HOW TO COMPLETE THIS TASK> Copy out exactly the lines spanning the line with "Y para que la" to the line with "COMPETITION Double ring", inclusive, from the data underneath, with no pictures.

Records from a data source
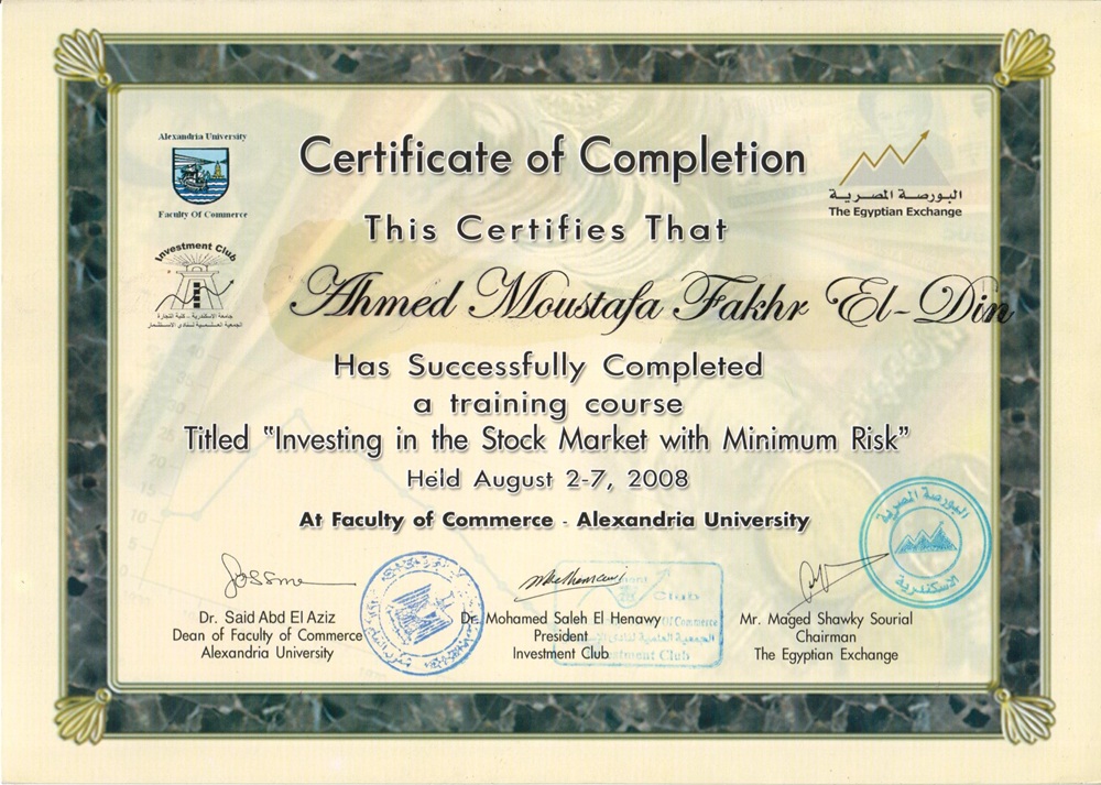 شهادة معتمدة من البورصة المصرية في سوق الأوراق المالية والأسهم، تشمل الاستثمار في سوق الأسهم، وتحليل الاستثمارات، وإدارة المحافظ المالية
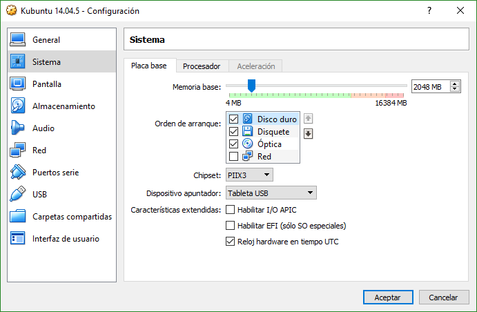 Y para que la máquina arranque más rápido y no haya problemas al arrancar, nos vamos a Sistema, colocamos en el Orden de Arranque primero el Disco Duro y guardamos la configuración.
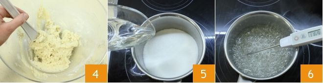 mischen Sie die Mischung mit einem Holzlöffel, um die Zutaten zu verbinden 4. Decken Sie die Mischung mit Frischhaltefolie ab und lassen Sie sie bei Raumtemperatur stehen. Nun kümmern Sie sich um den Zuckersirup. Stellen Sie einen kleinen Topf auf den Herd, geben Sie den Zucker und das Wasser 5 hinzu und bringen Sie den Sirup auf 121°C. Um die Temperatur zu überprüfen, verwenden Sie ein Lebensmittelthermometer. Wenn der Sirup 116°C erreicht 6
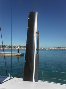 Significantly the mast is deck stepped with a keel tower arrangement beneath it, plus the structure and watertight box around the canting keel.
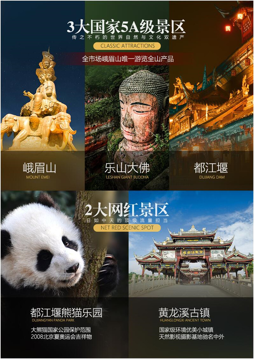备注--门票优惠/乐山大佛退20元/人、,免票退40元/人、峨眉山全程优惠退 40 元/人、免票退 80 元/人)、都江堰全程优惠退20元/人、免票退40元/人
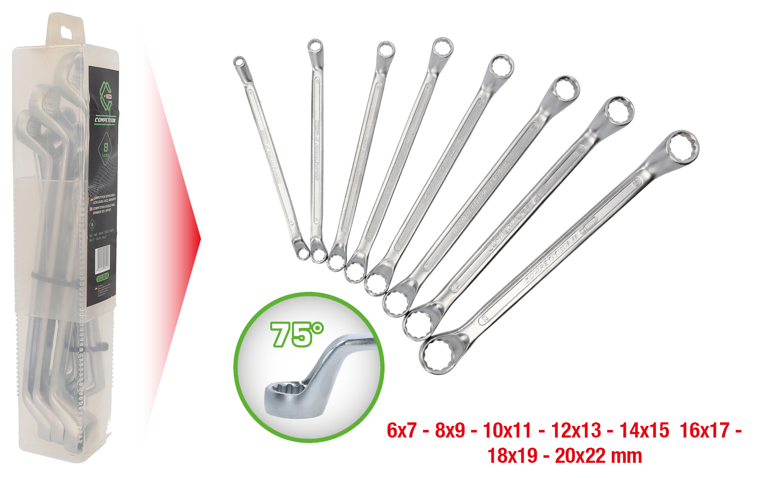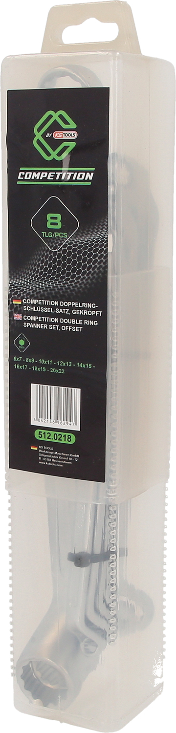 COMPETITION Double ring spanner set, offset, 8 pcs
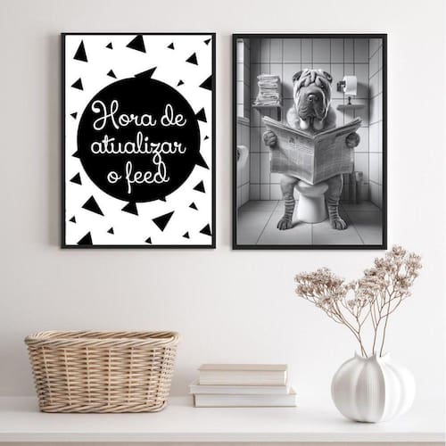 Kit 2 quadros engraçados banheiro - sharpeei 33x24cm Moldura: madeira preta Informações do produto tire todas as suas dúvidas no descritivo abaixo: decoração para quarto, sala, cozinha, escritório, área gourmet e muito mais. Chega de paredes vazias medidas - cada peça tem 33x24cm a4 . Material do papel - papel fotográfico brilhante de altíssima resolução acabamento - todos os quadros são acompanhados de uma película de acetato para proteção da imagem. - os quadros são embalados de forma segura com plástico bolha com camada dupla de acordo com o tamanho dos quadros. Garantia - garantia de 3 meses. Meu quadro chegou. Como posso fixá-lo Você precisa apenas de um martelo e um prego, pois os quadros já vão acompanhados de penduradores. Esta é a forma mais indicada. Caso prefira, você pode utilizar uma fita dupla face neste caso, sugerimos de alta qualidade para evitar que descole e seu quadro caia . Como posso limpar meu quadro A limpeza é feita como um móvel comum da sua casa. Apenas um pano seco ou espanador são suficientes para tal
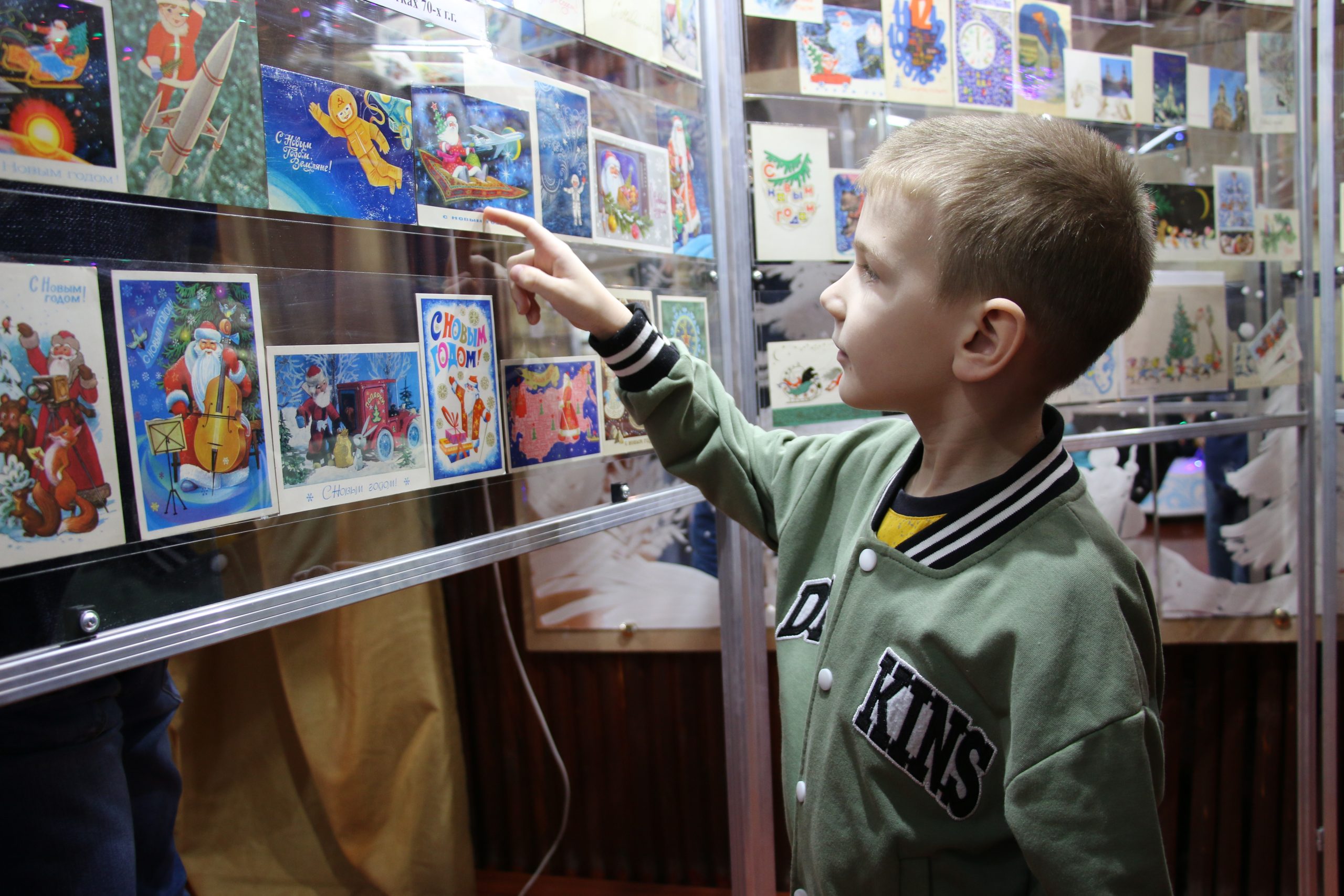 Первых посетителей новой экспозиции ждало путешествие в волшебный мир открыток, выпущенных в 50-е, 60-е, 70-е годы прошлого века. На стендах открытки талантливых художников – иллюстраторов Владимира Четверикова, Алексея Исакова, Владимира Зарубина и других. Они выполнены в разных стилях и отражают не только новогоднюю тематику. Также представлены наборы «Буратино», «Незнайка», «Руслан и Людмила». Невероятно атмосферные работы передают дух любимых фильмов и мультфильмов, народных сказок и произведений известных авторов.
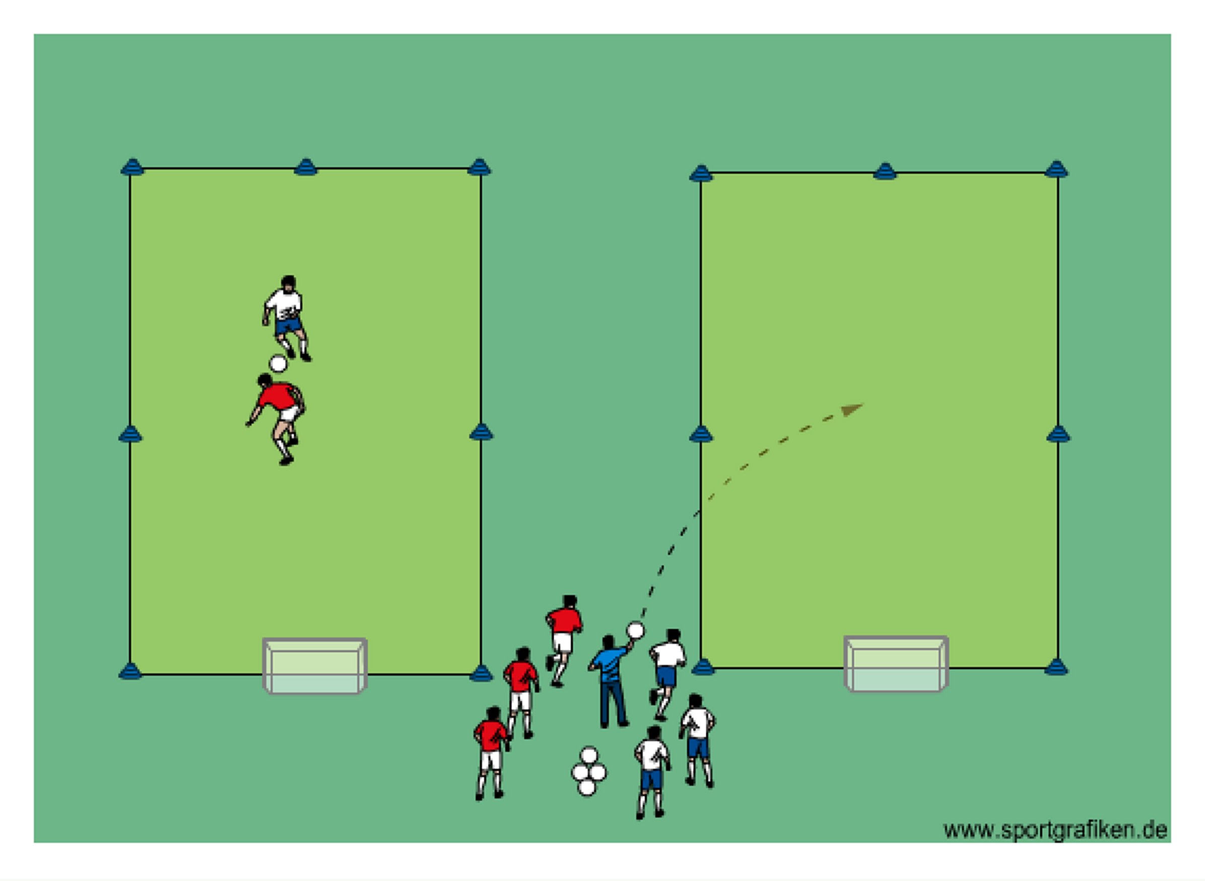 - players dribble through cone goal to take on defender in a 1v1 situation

RESPONSE TO THIS TASK>
 Y para que la máquina arranque más rápido y no haya problemas al arrancar, nos vamos a Sistema, colocamos en el Orden de Arranque primero el Disco Duro y guardamos la configuración.
 mischen Sie die Mischung mit einem Holzlöffel, um die Zutaten zu verbinden 4. Decken Sie die Mischung mit Frischhaltefolie ab und lassen Sie sie bei Raumtemperatur stehen. Nun kümmern Sie sich um den Zuckersirup. Stellen Sie einen kleinen Topf auf den Herd, geben Sie den Zucker und das Wasser 5 hinzu und bringen Sie den Sirup auf 121°C. Um die Temperatur zu überprüfen, verwenden Sie ein Lebensmittelthermometer. Wenn der Sirup 116°C erreicht 6
 Significantly the mast is deck stepped with a keel tower arrangement beneath it, plus the structure and watertight box around the canting keel.
备注--门票优惠/乐山大佛退20元/人、,免票退40元/人、峨眉山全程优惠退 40 元/人、免票退 80 元/人)、都江堰全程优惠退20元/人、免票退40元/人
 COMPETITION Double ring spanner set, offset, 8 pcs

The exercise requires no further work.